**INSTRUCTIONS TO FOLLOW:** Only the lines from the one containing "Το βοηθητικό τραπεζάκι" through the last line of the data below belong in your answer, copied exactly and without pictures.

(Dataset records)
-----

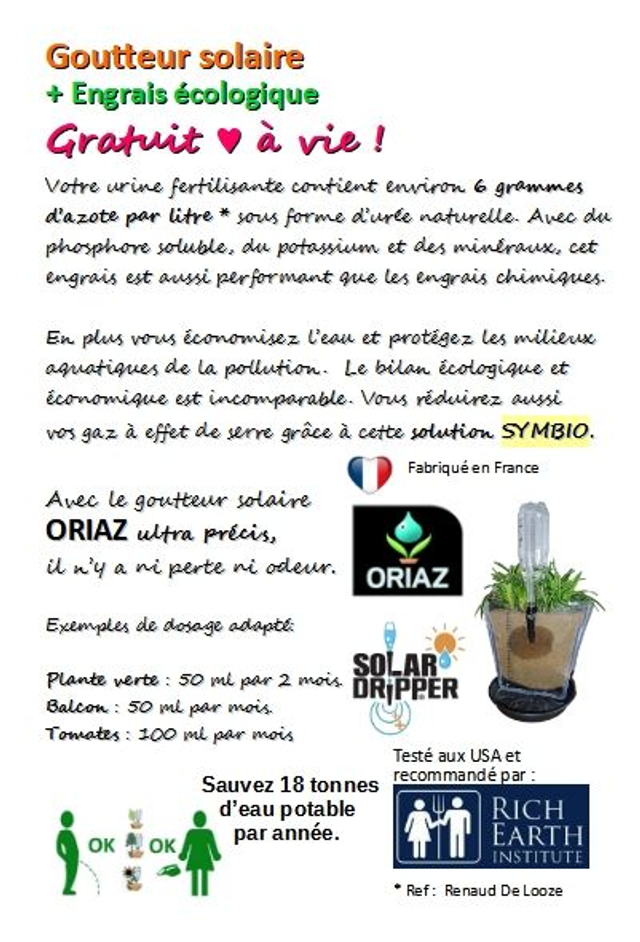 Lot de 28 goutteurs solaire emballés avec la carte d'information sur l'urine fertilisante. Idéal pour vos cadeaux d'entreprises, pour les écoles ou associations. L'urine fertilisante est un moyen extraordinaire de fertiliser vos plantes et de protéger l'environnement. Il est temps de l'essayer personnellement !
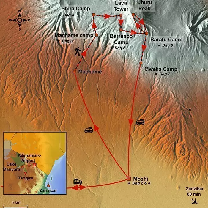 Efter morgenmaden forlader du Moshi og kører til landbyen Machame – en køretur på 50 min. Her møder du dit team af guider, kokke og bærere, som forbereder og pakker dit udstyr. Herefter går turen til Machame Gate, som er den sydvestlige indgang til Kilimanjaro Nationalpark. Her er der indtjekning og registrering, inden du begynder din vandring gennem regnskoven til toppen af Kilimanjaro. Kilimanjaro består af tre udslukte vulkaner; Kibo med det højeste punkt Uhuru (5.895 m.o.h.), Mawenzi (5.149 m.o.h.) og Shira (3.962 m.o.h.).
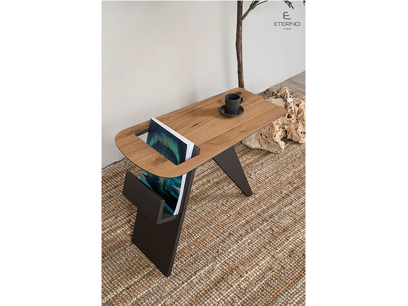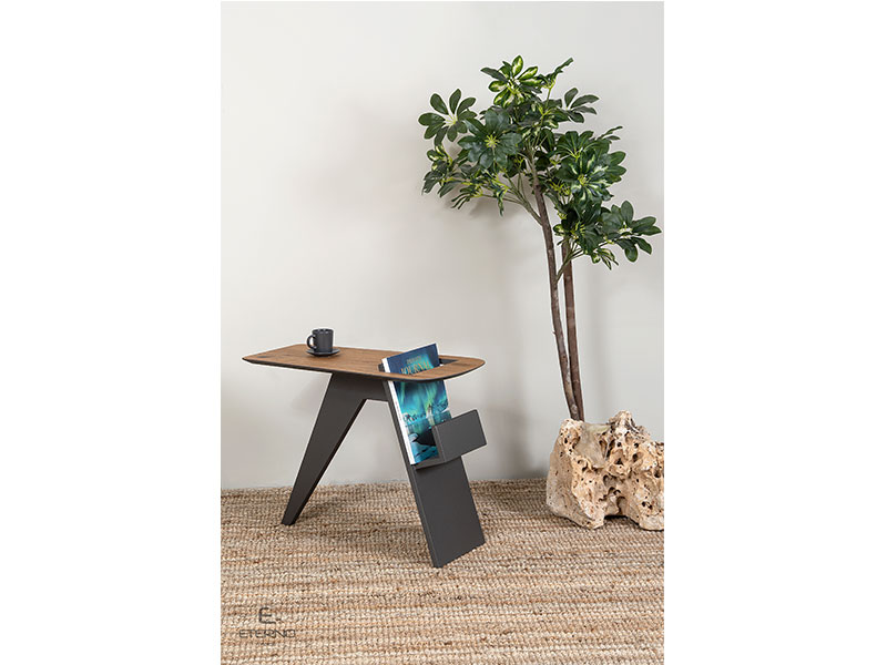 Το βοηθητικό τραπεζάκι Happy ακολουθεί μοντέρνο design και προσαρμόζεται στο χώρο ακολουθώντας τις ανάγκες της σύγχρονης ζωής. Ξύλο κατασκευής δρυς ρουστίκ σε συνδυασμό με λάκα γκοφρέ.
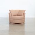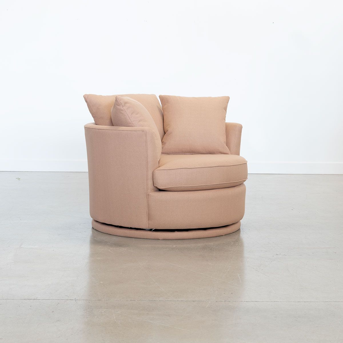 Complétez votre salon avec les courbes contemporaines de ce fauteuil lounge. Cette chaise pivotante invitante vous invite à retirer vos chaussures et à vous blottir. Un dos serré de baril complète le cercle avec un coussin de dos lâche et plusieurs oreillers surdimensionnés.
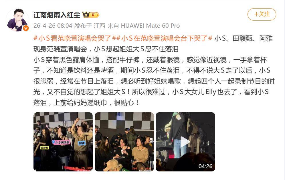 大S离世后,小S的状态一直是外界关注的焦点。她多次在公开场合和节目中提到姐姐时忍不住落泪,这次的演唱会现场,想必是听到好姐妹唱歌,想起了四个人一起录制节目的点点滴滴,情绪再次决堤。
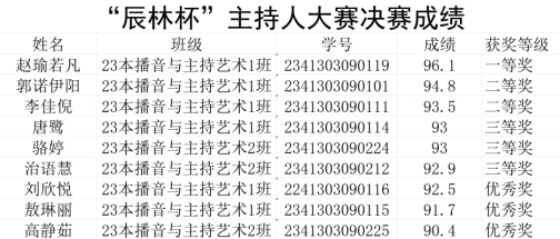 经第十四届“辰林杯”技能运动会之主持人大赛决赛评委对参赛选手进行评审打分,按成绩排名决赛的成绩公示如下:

-----

**WORKED SOLUTION:**
 Το βοηθητικό τραπεζάκι Happy ακολουθεί μοντέρνο design και προσαρμόζεται στο χώρο ακολουθώντας τις ανάγκες της σύγχρονης ζωής. Ξύλο κατασκευής δρυς ρουστίκ σε συνδυασμό με λάκα γκοφρέ.
 Complétez votre salon avec les courbes contemporaines de ce fauteuil lounge. Cette chaise pivotante invitante vous invite à retirer vos chaussures et à vous blottir. Un dos serré de baril complète le cercle avec un coussin de dos lâche et plusieurs oreillers surdimensionnés.
 大S离世后,小S的状态一直是外界关注的焦点。她多次在公开场合和节目中提到姐姐时忍不住落泪,这次的演唱会现场,想必是听到好姐妹唱歌,想起了四个人一起录制节目的点点滴滴,情绪再次决堤。
 经第十四届“辰林杯”技能运动会之主持人大赛决赛评委对参赛选手进行评审打分,按成绩排名决赛的成绩公示如下:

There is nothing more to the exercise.